The company will highlight priorities for its Customer First, People Led, Innovation Driven strategy; discuss targeted areas of growth including small and medium-sized businesses, healthcare and international; provide 2023 financial targets; and discuss newly established ESG targets.
- Customer First: The company’s Customer First strategy strives to provide the best digital experience powered by its global smart logistics network. The company will showcase the actions it is taking to make it simpler and more helpful to do business with UPS. Customer First focuses on removing friction when doing business with UPS, as measured by gains in Net Promoter Score, or NPS. The company has targeted a 2023 NPS score of 50 or higher.
- People Led: The company will discuss the measures it is taking to improve the employee experience and increase the likelihood that an employee recommends UPS as a great place to work. The company has established a 2023 “likelihood to recommend” target of 80 percent or higher.
- Innovation Driven: By highlighting technology and productivity initiatives, the company will address its approach to creating shareowner value by delivering consistently higher returns on invested capital, as well as returns to shareowners through dividends and share repurchases.
“We are creating a new UPS, rooted in the values of the company. Our strategic priorities are evolving to reflect the changing needs of our customers and our business, and what matters most to our stakeholders,” said Carol Tomé, UPS chief executive officer.
2023 Financial Targets
Today the company will discuss its 2023 financial targets as follows:
Consolidated revenue ranging from approximately $98 billion to approximately $102 billion.
Consolidated adjusted* operating margin ranging from approximately 12.7 percent to approximately 13.7 percent.
Cumulative capital spending from 2021–2023 of approximately $13.5 billion to approximately $14.5 billion.
Adjusted return on invested capital ranging from approximately 26 percent to approximately 29 percent.
* “Adjusted” amounts are non-GAAP financial measures.
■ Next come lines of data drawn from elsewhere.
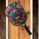 Une pagaie au design coloré, prête pour une partie de pickleball. Les couleurs vives ajoutent une touche ludique et artistique à la pagaie traditionnelle.
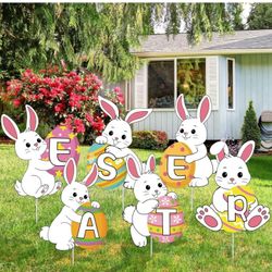 6 Pcs Easter Metal Yard Sign, Easter Bunny Eggs Metal Garden Stakes Spelling Letters Stakes for Outside Garden Yard Spring Lawn Patio Outdoor $12Modesto, CA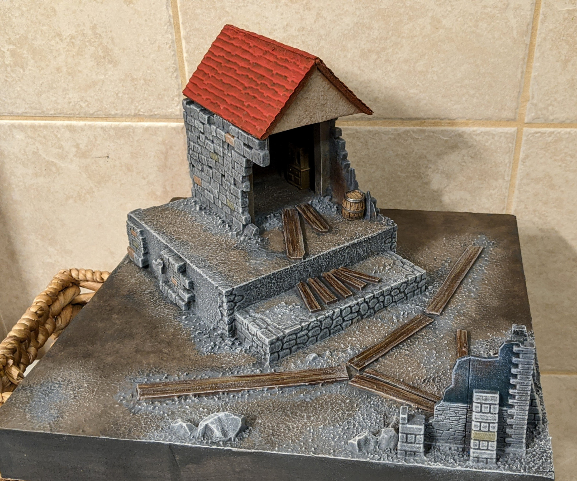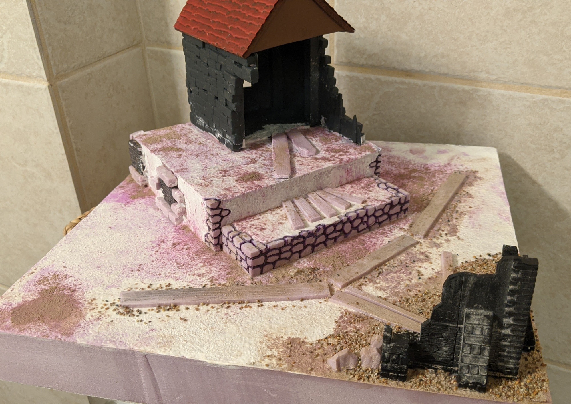 We all got a good start on the terrain and left with a pretty good idea of where this particular project is headed. My first tile took shape at the terrain day, and I continued working on it in the weeks to come. Here’s the progression from basic idea to finished product.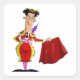 Um toureiro no anel com o touro. O matador tem uma capa vermelha. Esta design parece realmente eficaz nestes adesivos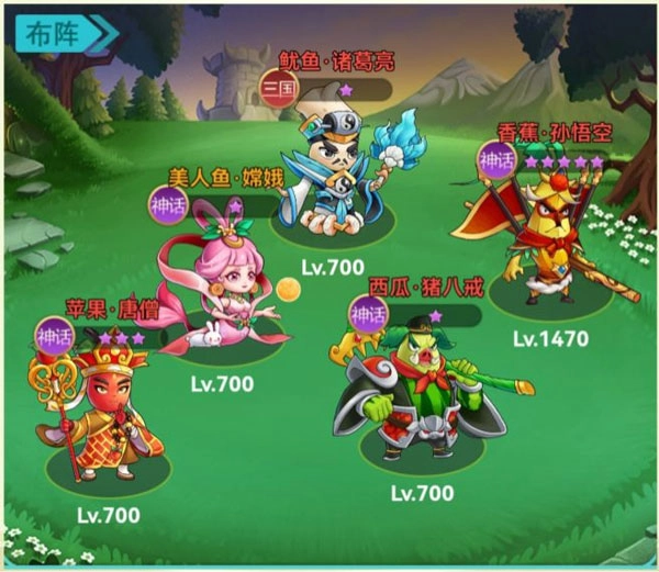 这套队伍的构建逻辑是采用四位神话级角色搭配一位三国系列角色的组合形式,核心目标在于兼顾强力的输出能力与稳定的控制效果。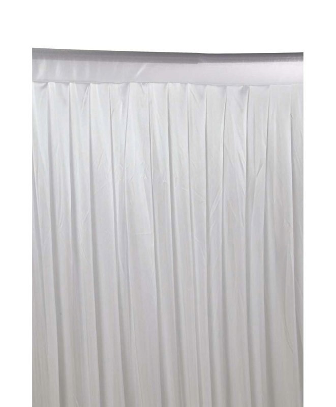 Rideau en tissu blanc avec structure acier réglable. Dimensions : hauteur 300 / largeur 300 cm.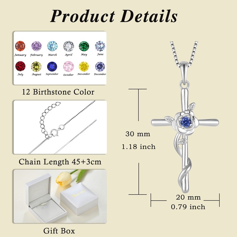 Rocayi Cross Necklace for Women 925 Sterling Silver December Birthstone Tanzanite Necklace Rose Flower Pendent Crucifix Faith Religion Jewelry Gifts for Women Wife Mother Daughter Her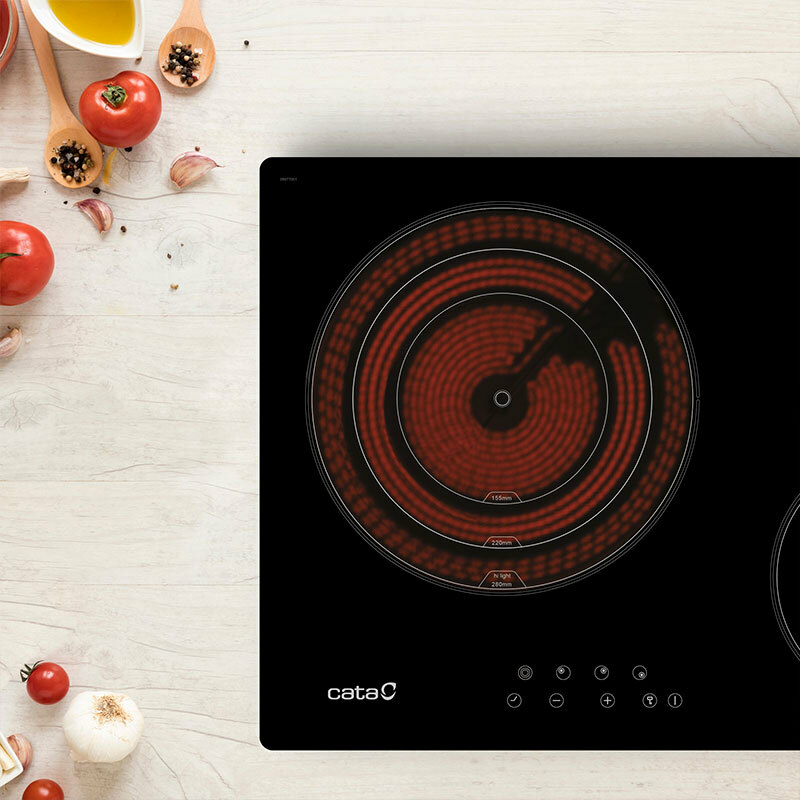 Placa vitrocerámica Cata TD 3002 BK de diseño compacto y acabado en cristal negro que ofrece dos zonas de cocción con 9 niveles de potencia y programador. Incorpora control táctil frontal, bloqueo infantil, apagado automático e indicador de calor residual para un uso seguro y sencillo.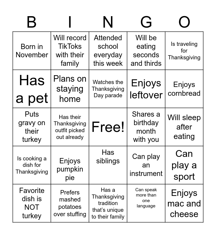 This bingo card has a free space and 24 words: Enjoys pumpkin pie, Prefers mashed potatoes over stuffing, Watches the Thanksgiving Day parade, Favorite dish is NOT turkey, Is traveling for Thanksgiving, Born in November, Has a pet, Will record TikToks with their family, Shares a birthday month with you, Has siblings, Enjoys leftover, Puts gravy on their turkey, Can play an instrument, Can play a sport, Plans on staying home, Can speak more than one language, Will sleep after eating, Attended school everyday this week, Enjoys cornbread, Has their Thanksgiving outfit picked out already, Enjoys mac and cheese, Is cooking a dish for Thanksgiving, Will be eating seconds and thirds and Has a Thanksgiving tradition that’s unique to their family.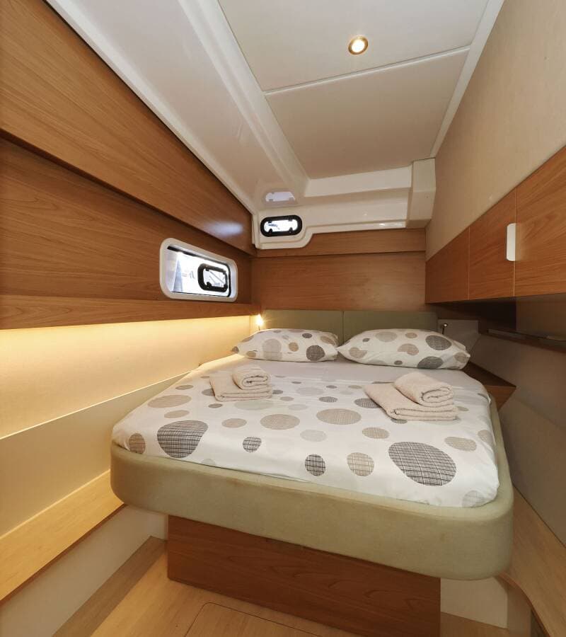 - DeckBathing platformBimini topCockpit tableCockpit/stern, outside showerDinghyForward cockpitGrill/Barbecue/PlanchaRemote control for anchor winch with chain counter at helmSprayhood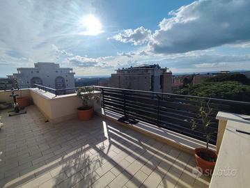 Viterbo: Attico di 135 mq con terrazza abitabile. Affaccio a 180 gradi. Posizione centrale e panoramica. L'appartamento si presenta in ottimo stato di manutenzione. L'unità immobiliare è stata interessata dal SuperBonus 110%. All'ingresso si è accolti da una grande zona giorno molto luminosa, servita da porte finestre che permettono l'accesso alla terrazza. La cucina è abitabile, divisa tra zona fuochi e pranzo. Camino. Tre camere di cui due matrimoniali. Due bagni. Completano la proprietà il garage di 18 mq e il posto auto esterno. Termo-autonomo. - CLASSE ENERGETICA: A4 Rif. 12/02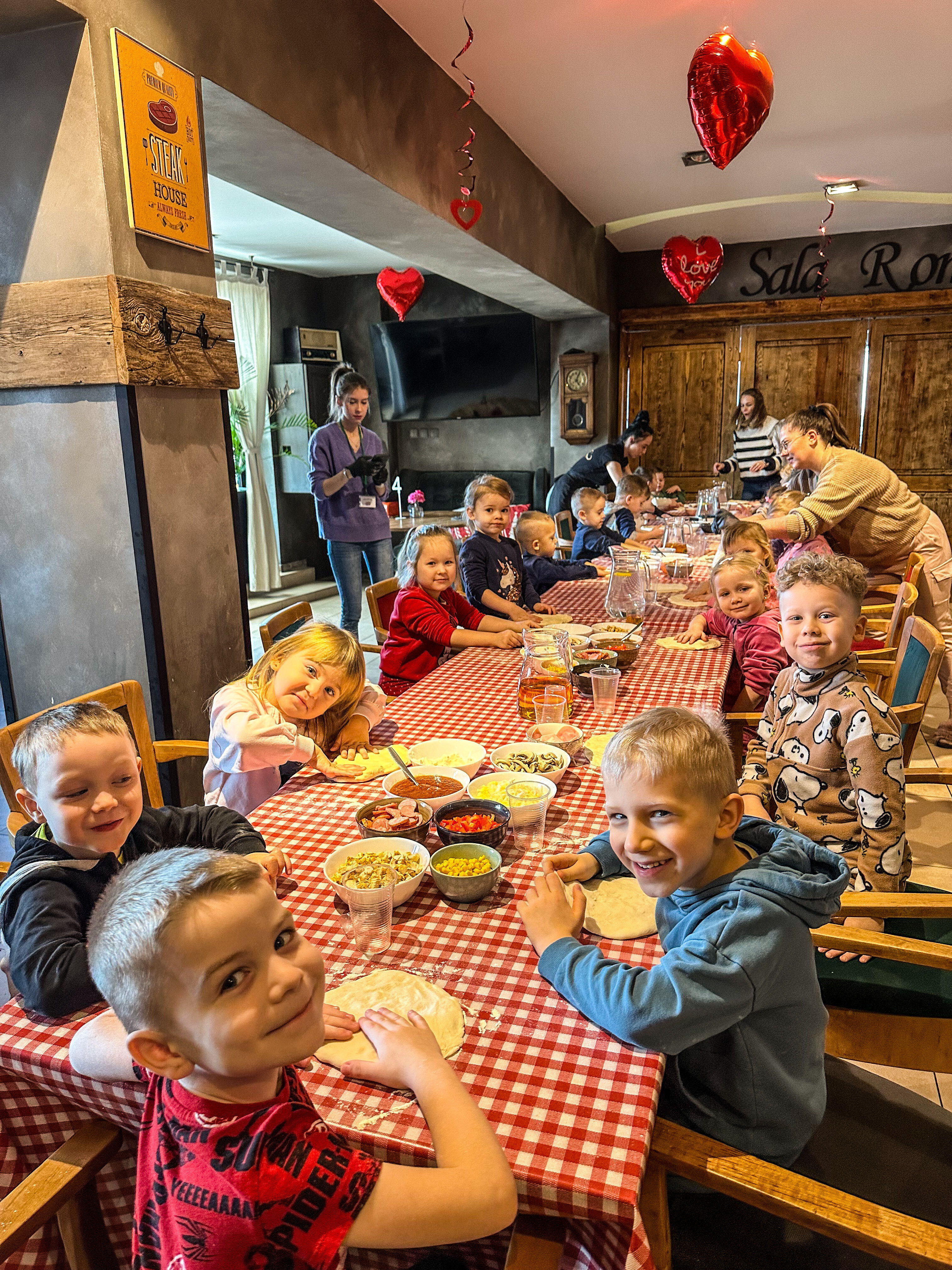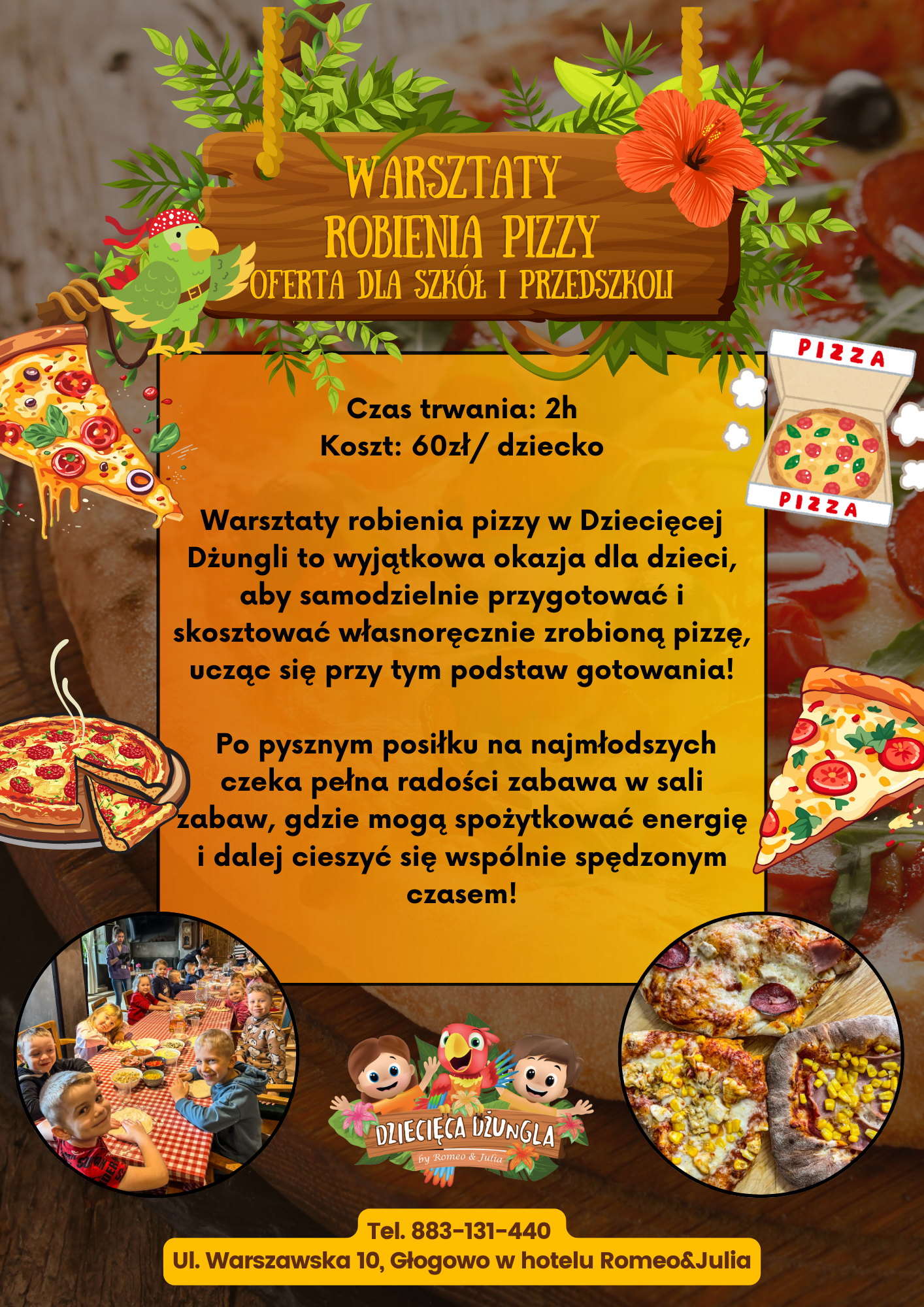 Warsztaty robienia pizzy to pyszna zabawa, podczas której dzieci wcielają się w rolę małych kucharzy. Każdy uczestnik samodzielnie przygotowuje swoją pizzę – od rozciągania ciasta, przez wybór ulubionych dodatków, aż po pyszną ucztę po upieczeniu. To nie tylko kulinarna przygoda, ale także świetna okazja do nauki, rozwijania samodzielności i wspólnego świętowania z pysznym efektem na talerzu! A po jedzonkun na dzieci czeka szalona zabawa w naszej sali zabaw!

See the appendix to this release for a discussion of non-GAAP financial measures, including required reconciliations.
The company is only able to provide operating margin and return on invested capital guidance on an adjusted (non-GAAP) basis because it is not possible to predict or provide a reconciliation reflecting the impact of future pension mark-to-market or other unknown or unanticipated potential adjustments which would be included in reported (GAAP) results and which could be material.
The company is also announcing a new set of company-wide ESG targets, including its pledge to be carbon neutral across scope 1, 2 and 3 emissions in its global operations by 2050. Interim 2035 environmental sustainability targets include:
50% reduction in CO2 per package delivered for its global small package operations (2020 base year).
100% of company facilities powered by renewable electricity.
30% of the fuel used in its global air fleet be sustainable aviation fuel.
UPS has published its ESG strategy at investors.ups.com/esg.